Fortunately for the Space Marines, their attackers displayed an appalling lack of marksmanship, but the sheer volume of fire was forcing the Templars to employ every square metre of cover afforded by the gunship’s tailfins, opened dorsal hatches and inactive topside turrets.

  A number of icons flashed onto his vision and Dahan wordlessly issued his orders.

  The Conquerors came to a halt, digging into the reflective surface of the plateau with bracing claws before cycling round their heavy bolters and lascannons. Blazing gouts of fire streamed overhead, ploughing through the crystalline creatures in a thunderous cacophony of shattered crystal and arcing electrical discharge. The data lodged in Dahan’s cognitive overview.

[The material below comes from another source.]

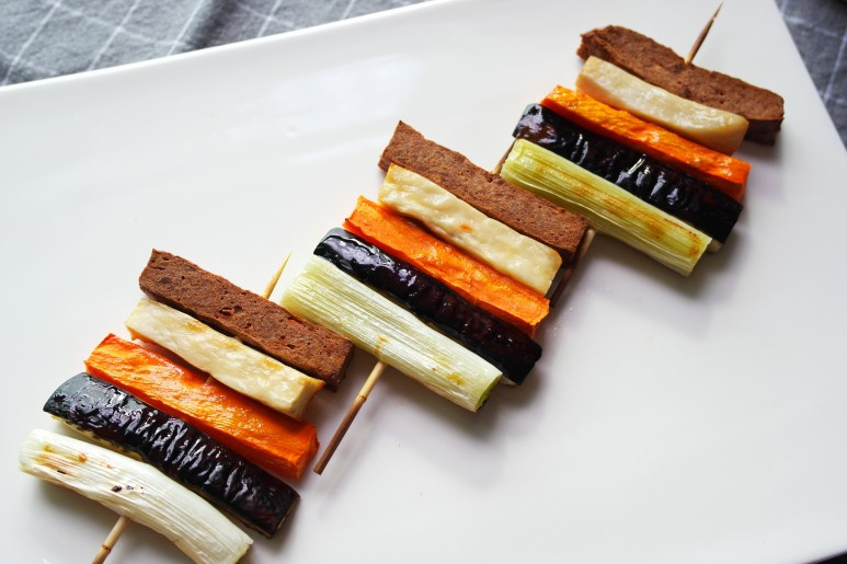 이제 꼬치에 꽂을 준비를 합니다. 콩고기 패티를 제외한 준비된 채소 (당근, 대파, 새송이버섯, 가지)에 소금을 아주 소량 (2꼬집 정도) 뿌려 가볍게 밑간을 해주세요. 채소의 단맛을 더욱 살려주고 간을 맞춰주는 과정입니다.

  Whatever else these creatures were, they were definitely not organic.

  The Crusaders increased speed, two moving around each flank as the skitarii Rhinos ground to a halt in a blizzard of glittering ice chips. Assault doors slammed back and squads of cybernetically-enhanced warriors debarked in perfect synchrony. Each squad-chief’s right eye was a battle-implant that received situational data straight from Dahan; they knew what he knew and his binaric orders were implemented virtually instantaneously.

  Like a grand-master’s regicide pieces on a tri-dimensional board, each squad moved in concert with those nearby, offering mutually supporting fields of fire and flank protection. Weaponised servitors swiftly caught up to the infantry, taking up overwatching positions to offer fire-support as and when it was required. The Cataphract robots moved alongside the infantry, their anti-personnel autocannons and power fists ready to support against any foe beyond the soldiers’ capability to engage.

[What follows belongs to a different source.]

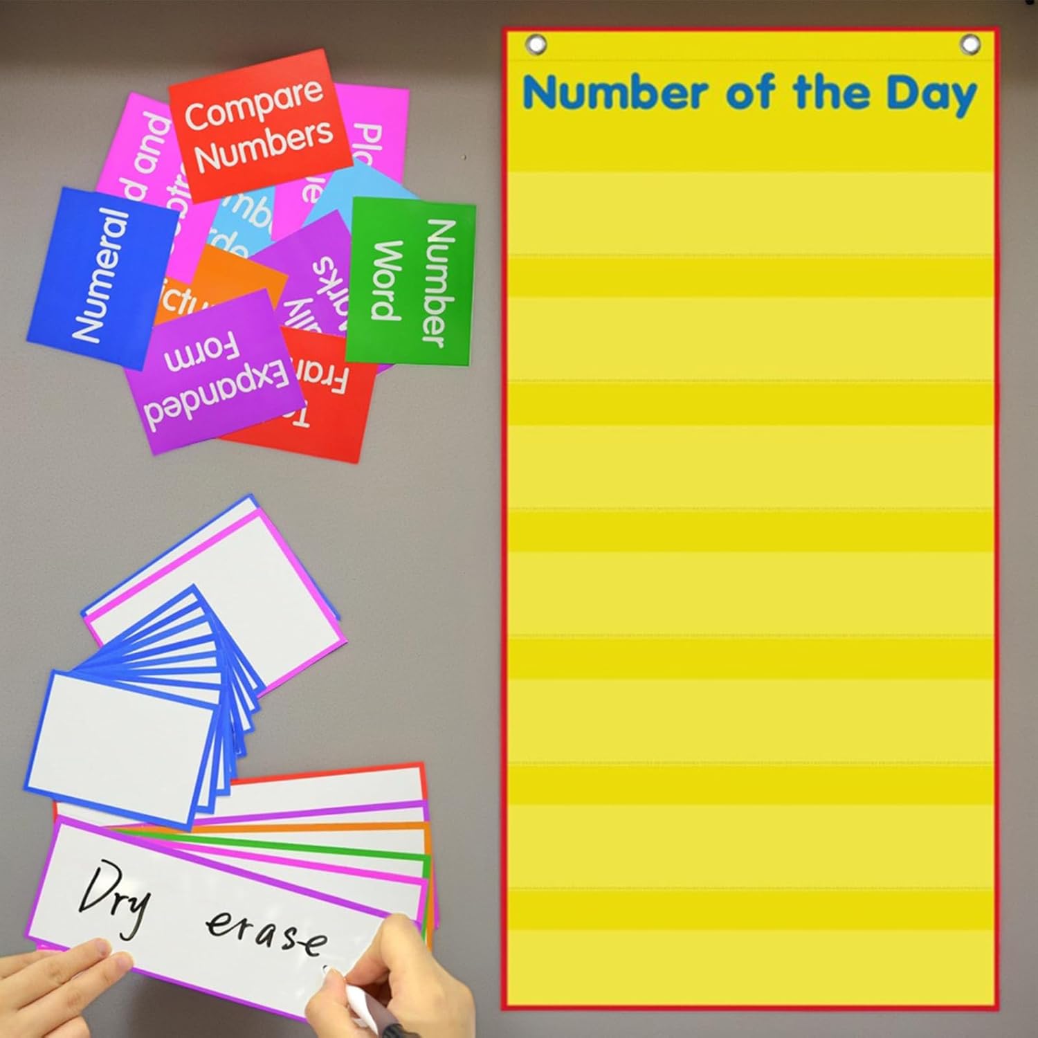 Organizzato e ben visibile: le tasche trasparenti con il concetto di sospensione salvaspazio consentono un'organizzazione efficiente della parete pur mantenendo una visibilità ottimale e accessibilità dei documenti Qualità delicata sulla pelle: con materiali delicati, resistenti agli strappi e all'usura, la borsa da appendere garantisce prestazioni durature in caso di uso frequente in diversi utilizzi, senza compromettere l'aspetto o la praticità Promuovere le competenze chiave: rafforza la memoria visiva e le applicazioni matematiche attraverso numeri e parole in un efficace sistema di apprendimento integrato per il progresso educativo Facile da trasportare: il Pocket Chart flessibile convince grazie alla struttura facilmente pieghevole che consente un facile trasporto e una conservazione salvaspazio. Ideale per diverse esigenze di insegnamento o organizzazione Pratica pratica di esercizio efficiente: con superfici riscrivibili per un allenamento ripetitivo, gli elementi cancellabili garantiscono una facile pulizia per un uso educativo duraturo

  Dahan released his grip on the sides of his own Rhino and dropped to the ground, unlimbering his Cebrenian halberd and igniting his clawed scarifiers. His assigned squad hove into view, and he ran to join them with his peculiar loping gait.

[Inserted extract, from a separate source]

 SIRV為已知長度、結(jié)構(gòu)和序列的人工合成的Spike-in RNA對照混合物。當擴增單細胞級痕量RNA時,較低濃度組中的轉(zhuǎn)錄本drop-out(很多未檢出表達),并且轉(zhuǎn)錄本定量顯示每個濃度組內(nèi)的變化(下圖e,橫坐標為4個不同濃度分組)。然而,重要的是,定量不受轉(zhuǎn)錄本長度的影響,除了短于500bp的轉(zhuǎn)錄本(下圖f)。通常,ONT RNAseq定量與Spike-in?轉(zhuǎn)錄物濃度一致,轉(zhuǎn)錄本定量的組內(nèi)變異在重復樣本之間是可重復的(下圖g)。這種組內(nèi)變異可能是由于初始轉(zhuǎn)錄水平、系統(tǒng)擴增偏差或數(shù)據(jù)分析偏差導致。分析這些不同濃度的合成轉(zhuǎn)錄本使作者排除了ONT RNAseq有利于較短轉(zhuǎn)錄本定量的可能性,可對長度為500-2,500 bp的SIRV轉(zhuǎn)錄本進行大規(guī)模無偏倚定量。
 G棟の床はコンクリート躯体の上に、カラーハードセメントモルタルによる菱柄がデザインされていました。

  Skitarii gunfire smashed through the crystal creatures, blasting them apart with solid rounds or detonating them explosively with high-energy hotshots. Grenade launchers cleared space for praetorians to occupy and deny the enemy time to regroup. Dahan himself was not above getting his hands dirty, fighting with killing sweeps of his Cebrenian halberd. He assigned his own command squad, a mix of elite suzerain and experimental weapon-bearers, a path right into the heart of the fight.